Monday, 8 July 2013

Enable multi-factor authentication for a user in Office 365

Use the following procedure to enable multi-factor authentication for a user account. Please note that this feature is in preview.

1. Login to Windows Azure Management Portal.
2. Click Active Directory, and then click Directory.

3. Click on your Windows Azure AD tenant. 

4. Click on the Users tab.

5. On the Users page, search for the user you want to enable 2FA for and click on it.

6. Under role, select the Require Multi-factor Authentication check box.

When you select this option, the user must use a phone or another device and their password each time they need to sign in.

Please be aware that once multi-factor authentication is enabled on a user account, that user must complete the auto-enrollment when signing in. This will occur the first time the user signs in after the account has been enabled for multi-factor authentication. Until the user has done this, multi-factor authentication will not be enabled on the account.

Friday, 5 July 2013

Powershell command to get a list of Office 365 users with their assigned licenses

In order to get a list of all the users in your Office 365 tenant with the licenses that are assigned to them, you can run the following command. Change "c:\users.csv" to the location that you want to save the file.
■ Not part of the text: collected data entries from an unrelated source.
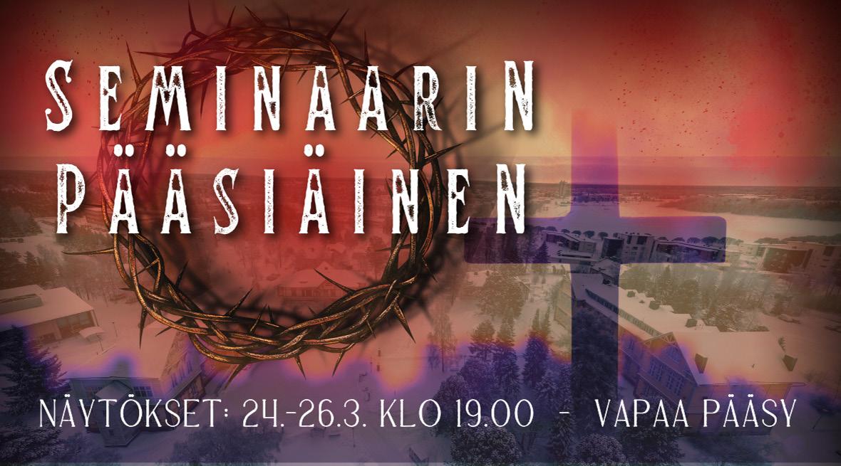 Pääsiäisen keskeiset tapahtumat kristillisenä draamana Raahen Seminaarin päärakennusten välisellä alueella su 24.3. klo 19, ma 25.3. klo 19 ja ti 26.3. klo 19. Kesto 1h 15min. Ei pääsymaksua, ei kynnyksiä, mutta lämmintä vaatetta ja hyvät kengät on syytä pukea ylle, koska kaikki tapahtuu ulkona taivasalla. Mukana esityksessä on myös iso kuoro. Jeesuksen roolissa seurakuntapastori Lauri Hämeenaho. Käsikirjoitus ja ohjaus Sari Jaatinen. Tuotanto: Raahen seurakunta.
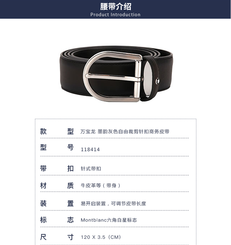 商品名称:德国直邮 MONTBLANC万宝龙 马蹄形自由裁剪针扣商务皮带 118414 商品编号:YGO008212 品牌:MontBlanc 上架时间:2021-03-02 商品毛重:0克 如果您发现商品信息不准确,欢迎纠错;如果您发现有比我们价格更低的,欢迎举报
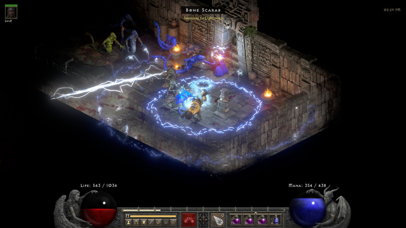 The next goal was securing Blanche's progress forward which required full clearing Lower Kurast and discovering the waypoint. This proved to be an almost laughably easy task, with the first part of Kurast containing leapers, vultures, and Zakarumite zealots. None of them were Cold Immune, none of them had dangerous AI routines, and all of them were low health opponents. The leapers in particular only had 3300 HP and zero cold resistance which meant that they always died in a single Ice Blast, heh. The other two enemies were only barely more sturdy, dying in two shots instead of one, and even the bosses and champions couldn't last more than a few seconds. It's rare to find an area quite this easy in Hell difficulty and I enjoyed this brief respite for Blanche.
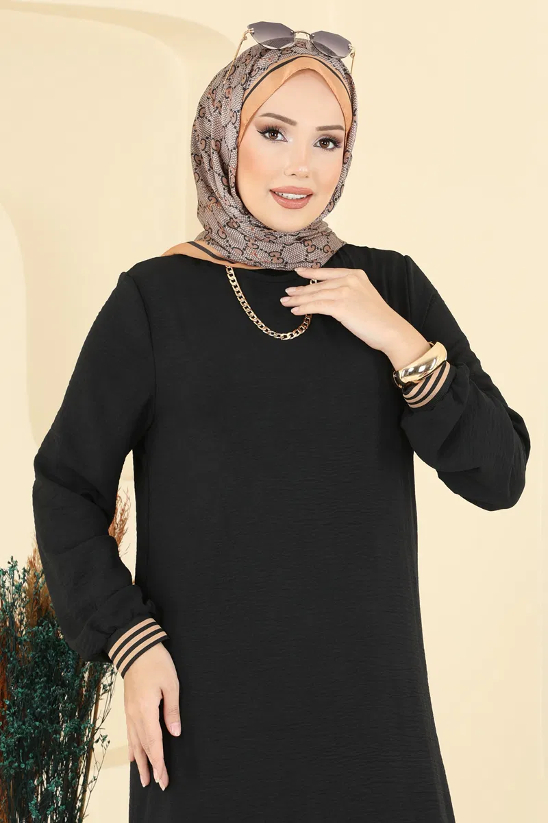 Moda dünyasında öne çıkan Aerobin Kumaşlı Lastik Manşetli Elbise, her mevsim keyifle kullanabileceğiniz bir tasarımdır. Hafif ve hava geçirgen aerobin kumaşı sayesinde gün boyu konfor sağlar. Bisiklet yakası modern bir stil sunarken, manşetlerdeki lastik sayesinde rahat bir oturma sunar. Ayrıca sırt kısmındaki düğme ile elbiseyi rahatça giyip çıkarabilirsiniz. Tesettür giyime şık bir dokunuş katmak isteyenler için ideal bir seçenektir.

Get-MsolUser -All | ft displayname , Licenses | Out-File c:\users.csv

This report will have both Display Name and License type in same column. If you need to split them into two columns, you can use the "Text to Columns" feature in Excel under the DATA tab to do this. I managed to split them by selecting Other under Delimiters and split where "{" is.

This is because licenses start with "{" and end with "}" (for example if the user's assigned license is E3, it would show as {mytenant:ENTERPRISEPACK}).

Force a full password synchronization using the new DirSync tool with password sync feature

In order to force a full password sync in the new Windows Azure Active Directory Synchronization tool for Office 365, you need to do the following:

  1. Open Registry Editor
  2. Browse to HKEY_LOCAL_MACHINE > SOFTWARE > Microsoft > MSOLCoExistence > PasswordSync.
  3. Change the "FullSyncRequired" registery key value to 1.
  4. Go to Services
  5. Restart the "Forefront Identity Manager Synchronization Service" - this will also restart the Windows Azure Active Directory Sync Service.
  6. Once done, you will notice logs with Event IDs 656 which are the "Password Change Request" events  and 657 which are the "Password Change Result" events.